L'équipement ... et certains médicaments qui peuvent faciliter le traitement des patients manquent, ce qui peut entraîner le décès des patients ou leur transfert à Bukavu (hôpital régional)".
L'expérience des femmes bénéficiaires de soins de santé en matière de santé sexuelle et reproductive dans le cadre du projet TUMAINI souligne l'importance de s'attaquer aux différents obstacles qui favorisent les inégalités entre les sexes en matière de santé afin d'améliorer la prestation, la gestion et l'accessibilité des services de santé.
1 Les données relatives à la qualité et à l'utilisation des services de santé par les bénéficiaires des services SDSR ont été recueillies au moyen d'un questionnaire composé de questions fermées (108 points) et d'une question ouverte à réponse longue. La collecte s'est déroulée en deux phases, du 29/6/2022 au 22/7/2022 (survivants et bénéficiaires vulnérables) et du 13/9/2022 au 21/9/2022 (autres bénéficiaires). Au total, 771 bénéficiaires de services SRHR dans quatre centres et cliniques mobiles d'institutions partenaires ont répondu à l'enquête.
À propos du projet Tumaini :
Mis en œuvre par la Fondation Panzi avec l'Unité de santé internationale et l'Observatoire Hygeia de l'Université de Montréal, le projet TUMAINI, Santé et droits des femmes, des adolescentes et des enfants, soutient les activités de la Fondation et de l'Hôpital Panzi. Né de la vision du Dr Denis Mukwege et de la contribution de l'Université de Montréal, le projet renforcera les services aux survivantes de violences sexuelles et sexistes et les capacités de la Fondation Panzi dans quatre zones de santé du Sud-Kivu, en République démocratique du Congo, et dans trois provinces du Burundi. Les trois principales composantes du projet sont l'amélioration de la prestation et de la gestion des services de santé, l'amélioration de l'accessibilité socioculturelle, financière et géographique des services de santé, et la promotion de politiques de soins de santé, de cadres juridiques et de services fondés sur des connaissances issues de la recherche. Le projet implique plusieurs facultés de l'Université de Montréal et intègre une composante transversale de recherche opérationnelle. Le projet Tumaini est soutenu par la Fondation Denis Mukwege, Avocats sans frontières Canada et Global Strategies.

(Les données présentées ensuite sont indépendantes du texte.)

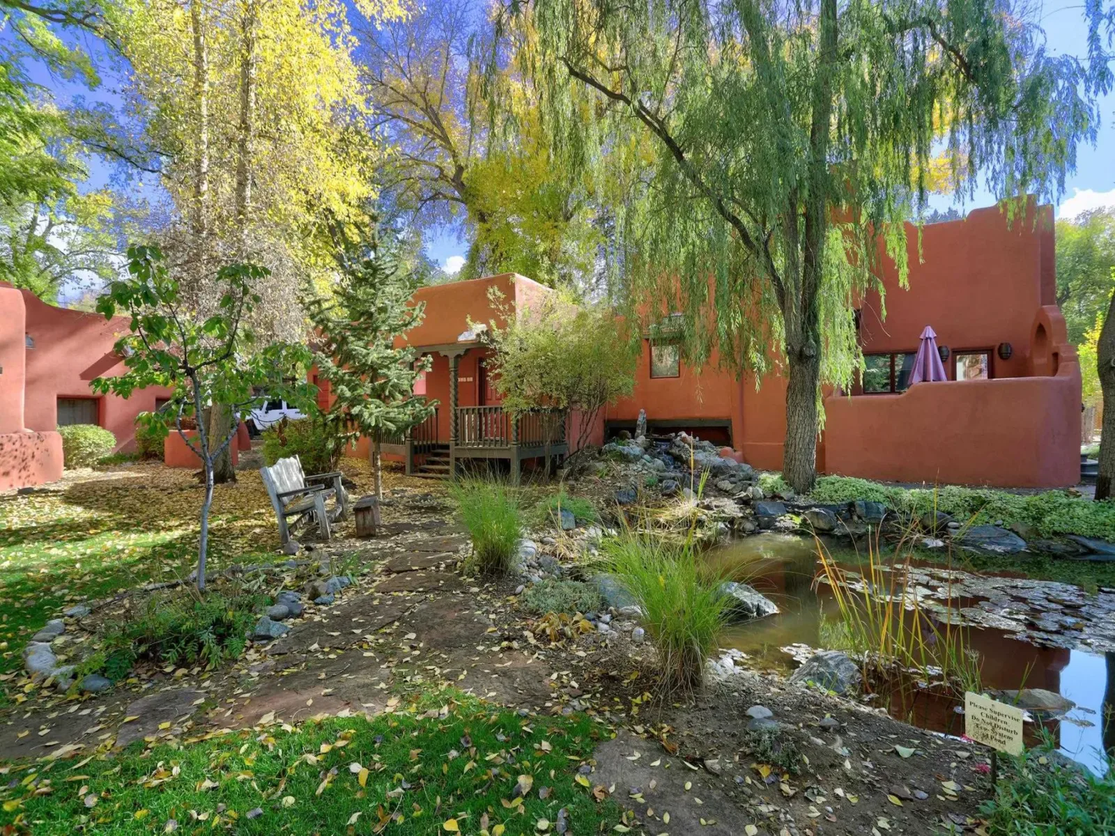 Nestled along beautiful Burch Street—known for its towering shade trees and peaceful charm—this 503 sq ft condo offers a quiet retreat in the heart of Taos. Enjoy a rustic, relaxed setting surrounded by gardens, a lily-pad pond, grassy courtyard, and the soothing sounds of waterfalls and fountains. An inviting front porch overlooks the water features, making it the perfect spot for morning coffee or evening unwinding. Inside, you’ll find a cozy space full of character—ideal as a simple full-time home, artist’s nest or weekend escape. All just a short distance to Taos Plaza, live music, galleries, restaurants, shopping, and the vibrant cultural life that makes Taos special.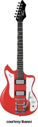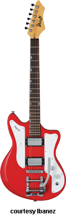 JTK40 | - offset double cutaway Talman style mahogany body, three-piece maple neck, 22-fret rosewood neck with offset triangle inlays, natural headstock with retro logo, six-on-one-side tuners, ART2 bridge, VBX60 Vintage Vibrato tailpiece, two pickguards leaving the center strip of the guitar exposed, two Ibanez ACH4 humbucker pickups, two knobs (v, tone), three-way pickup switch, chrome hardware, available in Red finish, new 2009. |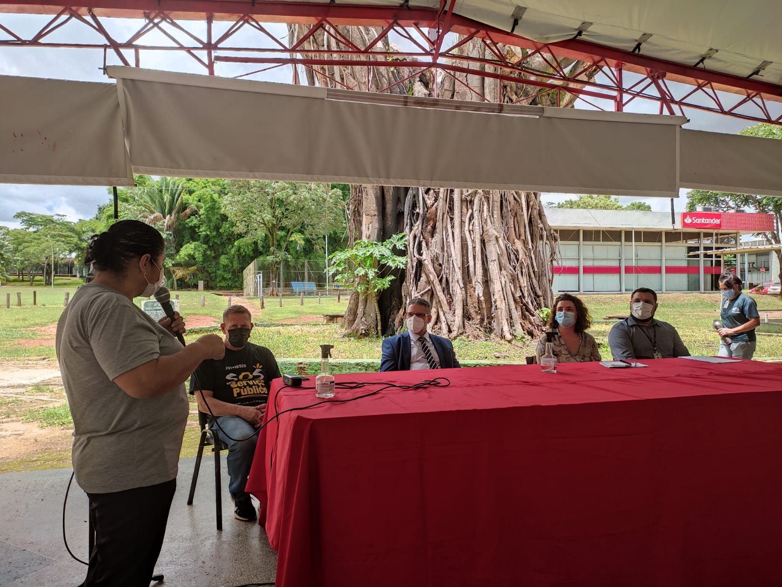 A gestão da UnB esteve na reunião, representada por Paulo Cesar (Chefe de Gabinete) e Rozana Reigota Naves (Decana de Administração), que em suas falas tranquilizaram todos afirmando que a Universidade não tem intenção de demitir ninguém.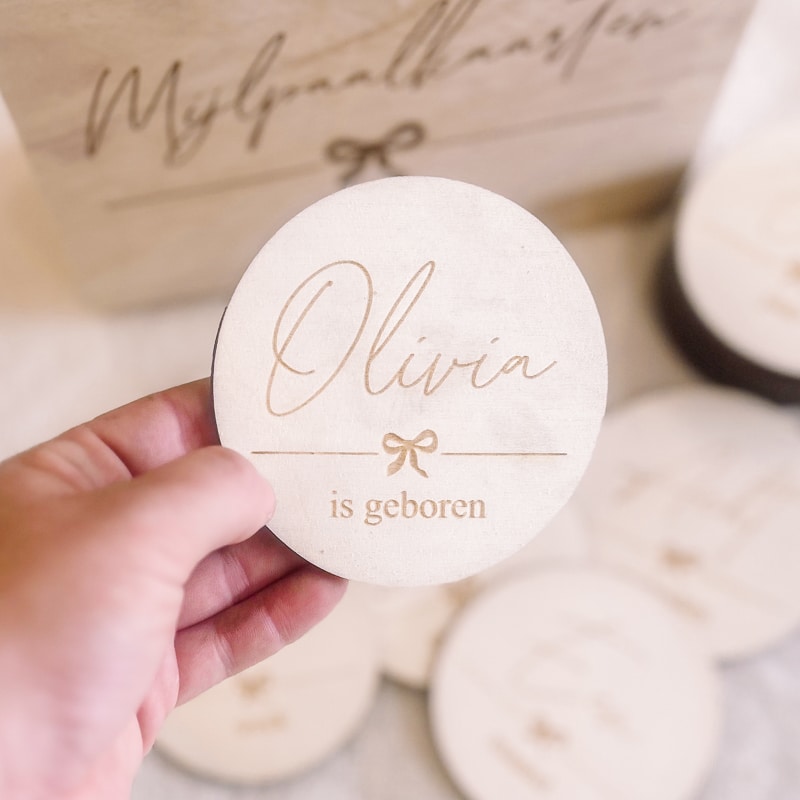 • Een gepersonaliseerde schijf met “(naam) is geboren”

Du point de vue de l'équité, l'initiative est structurée de manière à atteindre les personnes les plus marginalisées et les plus vulnérables. Dans un souci de longévité et de durabilité, l'initiative prévoit le renforcement des ressources locales et une intégration conséquente des questions d'environnement, d'égalité des sexes et de droits de l'homme, qui feront l'objet d'interventions spécifiques et transversales. Des effets sont attendus aux niveaux local, provincial, national et international. L'initiative contribuera également à la réalisation de plusieurs objectifs de développement durable. Le projet Tumaini est financé par le Canada par l'intermédiaire d'Affaires mondiales Canada.